Several mechanisms can contribute to the observed antimutagenic properties of CHL. Because CHL is an antioxidant, its ability to scavenge ROIs may be responsible for the reduction in mutagenicity of at least those mutagens for which activity is directly or indirectly mediated by ROIs [19–22]. Another mechanism that has been advanced was based on the observation that CHL reacts directly with active groups of mutagens, resulting in their neutralization [19,22,23]. Still another mechanism to account for the antimutagenic property of CHL was explained by the formation of heterologous complexes with mutagens [3,4,9]. The latter mechanism was postulated based on the observation that CHL was most effective in reducing mutagenicity in the case of polycyclic compounds with flat aromatic structures [5,11,24]. According to this mechanism, the complexes are maintained by stacking interactions that involve π–π bonds between the porphyrin ring of CHL and aromatic rings of the mutagens [4]. The formation of the complexes in aqueous solution sequesters free mutagen molecules, leads to a reduction in their concentration in a monomer (active) form, and thereby lowers their accessibility to the cell that results in decreased mutagenic activity.

The present study was aimed to reveal whether CHL forms complexes with three different heterocyclic aromatic compounds: acridine orange (AO), quinacrine mustard (QM) and doxorubicin (Dox; Fig. 1). Each of these agents binds to DNA by intercalation and can be mutagenic [25–28]. QM, in addition, can alkylate nucleic acids. AO and QM are used in analytical cytology as DNA (AO, QM) and RNA (AO) fluorochromes [29]. Dox is an antitumor drug of the anthracyclin family that is widely used to treat different types of solid tumors and leukemias.

2. Experimental

2.1. Reagents

Chlorophyllin (sodium–copper salt), AO (CI 46005; 3,6-bis[dimethylamino]acridine hydrochloride), QM {2-methoxy-chloro-9-[4(β-chloroethyl) amino-1-methylbutylamino]acridine} and doxorubicin hydrochloride all were purchased from Sigma Chemical Co (St. Louis, MO, USA). Tris-(hydroxymethyl)-aminomethane was obtained from Fluka (Switzerland). HCl was provided by Polish Chemical Reagents Co (Gliwice, Poland). All reagents were used without additional purification.

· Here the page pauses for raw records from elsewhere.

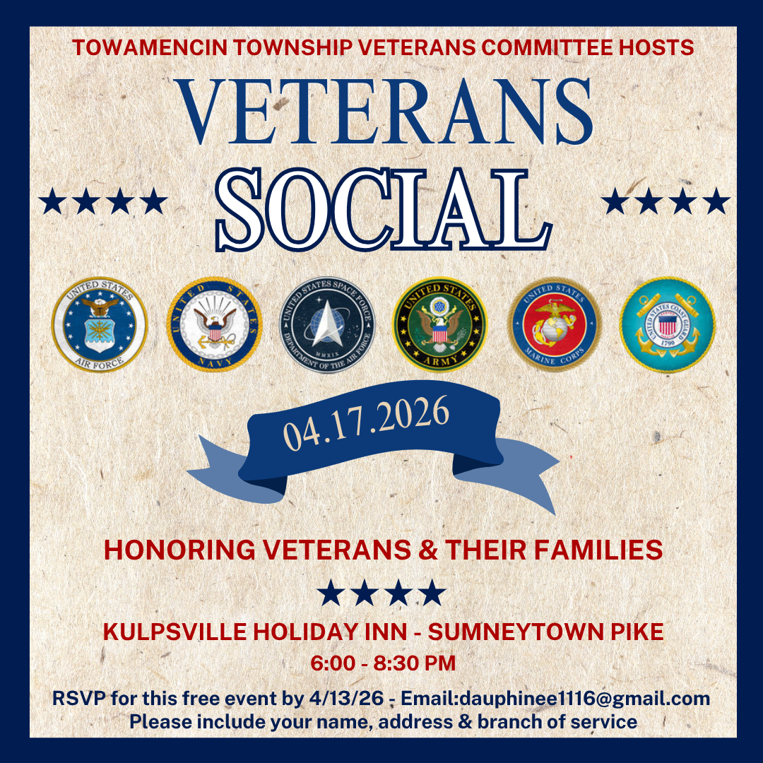 The Veterans Committee of Towamencin will host a “FREE” social gathering on Friday, April 17th, from 6 PM to 8:30 PM at the Kulpsville Holiday Inn on Sumneytown Pike. Veterans and their families are invited. Snacks, hors d’oeuvres, and beverages will be available. Alcohol will be available for purchase. This “FREE” event is for ALL Veterans of Towamencin and the surrounding communities. To attend, please email dauphinee1116@gmail.com by April 13, 2026, and include your name, address, and branch of service.
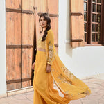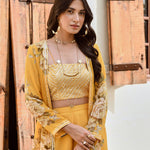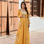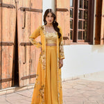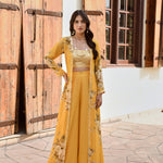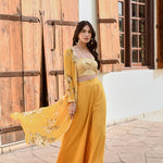 MUSTARD NAAZ CAPE, CROP TOP AND FLAIR PANTS SET OF 3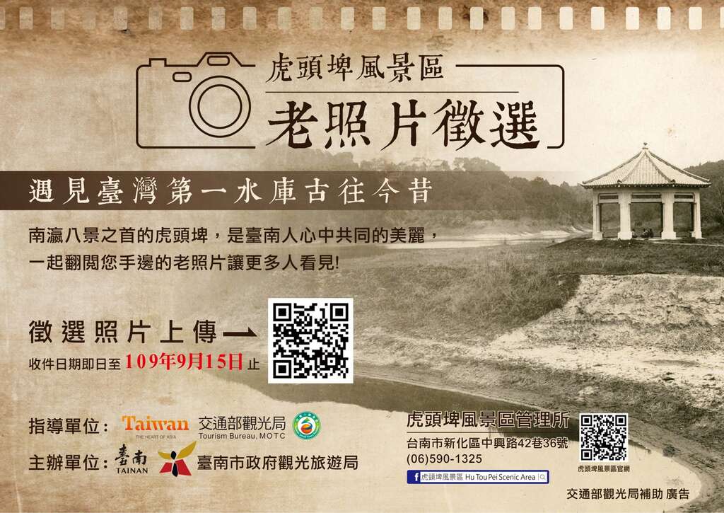「遇見臺灣第一水庫古往今昔」虎頭埤風景區老照片徵集活動,於即日起至9月15日止,只要是1990年前於虎頭埤風景區內拍攝各式各樣的照片,即可透過紙本郵寄或線上填表方式投稿,預計將遴選出30張老照片,並致贈每張照片一千元使用及典藏費,詳細活動內容請見虎頭埤風景區官網,相關問題可洽詢虎頭埤風景區呂小姐(06)590-1325。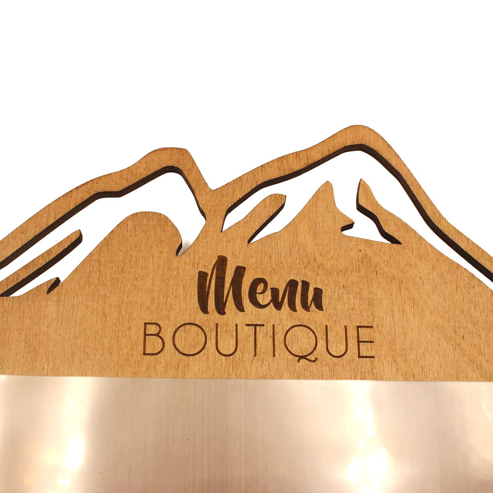 Idéal pour des établissements au thème montagnard, le Menu Planche des Alpes est disponible en plusieurs coloris.

2.2. Absorption measurements

Absorption spectral measurements were carried out on Cary 300 spectrophotometer (Varian, Australia). Solutions of individual mutagens were prepared in 30 mM Tris–HCl at pH 7.4. These solutions, maintained at constant mutagen concentration (AO, 3×10^–6–5×10^–6 M; QM, 4.5×10^–6–7×10^–6 M; Dox, 6×10^–6–8×10^–6 M) were titrated with CHL to obtain increasing final CHL concentration from 3×10^–7 to 4×10^–5 M. The solutions were freshly prepared before each measurement. Because of the photosensitivity of the reagents studied (particularly CHL) the solutions were protected from light. The association constants K_a and the absorption spectra of the complexes were numerically estimated using a linear regression fit according to Eq. (1). The least sums of squares of deviations between the measured and computed absorption spectra were used. The data indicated 1:1 stoichiometry of the mutagen to CHL within the complexes in the concentration ranges studied.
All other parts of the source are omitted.